§ **Data supplied**
____________________
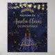 Chic Starry Night Navy Blue Dress Gold Quinceañera Poster
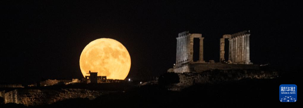 这是8月9日在希腊雅典附近苏尼翁角拍摄的波塞冬神庙和月亮。
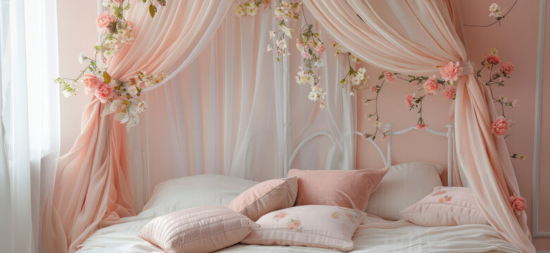 Luxurious bedroom with a window, with a large empty double bed with white linens and pillows. Comfortable sleep
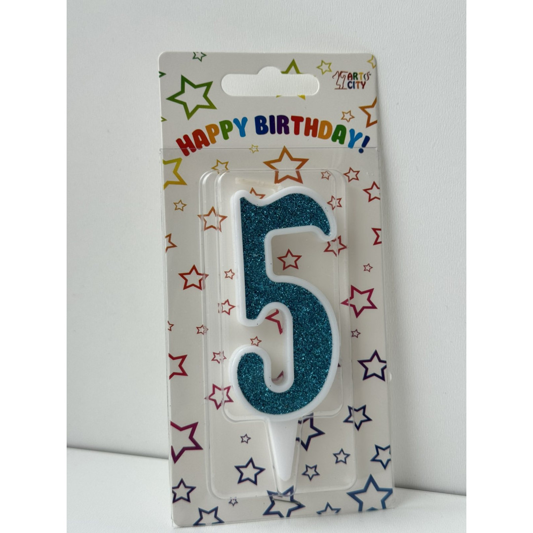 Свічка цифра біла бірюзовий глітер 5
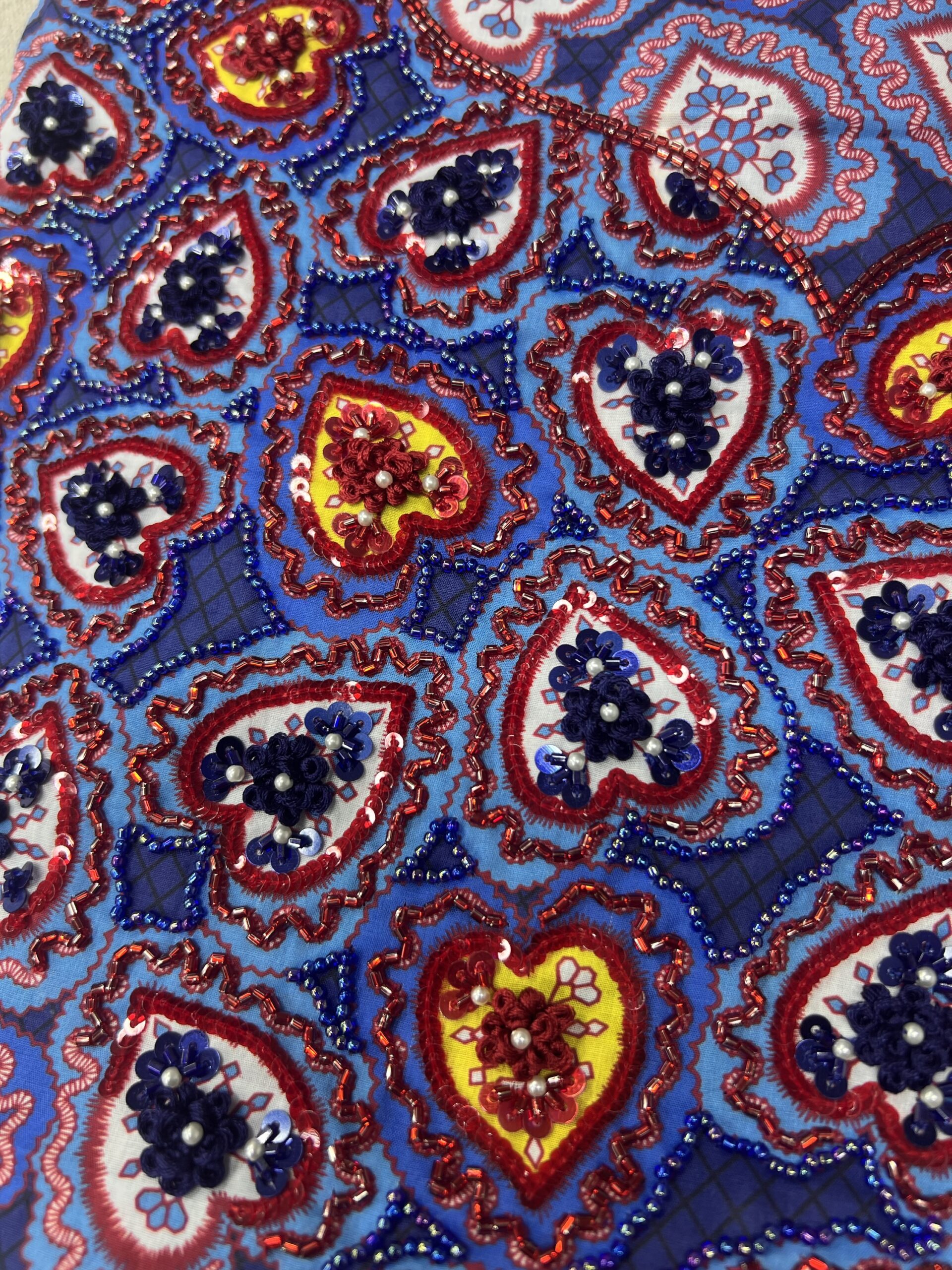 Liberty fabric Makawar with beautiful copy embroidery with different materials.
____________________
§ **Work instruction**
Repeat, exactly and in full, all the material above except its pictures.

§ **Finished exercise**
 Chic Starry Night Navy Blue Dress Gold Quinceañera Poster
 这是8月9日在希腊雅典附近苏尼翁角拍摄的波塞冬神庙和月亮。
 Luxurious bedroom with a window, with a large empty double bed with white linens and pillows. Comfortable sleep
 Свічка цифра біла бірюзовий глітер 5
 Liberty fabric Makawar with beautiful copy embroidery with different materials.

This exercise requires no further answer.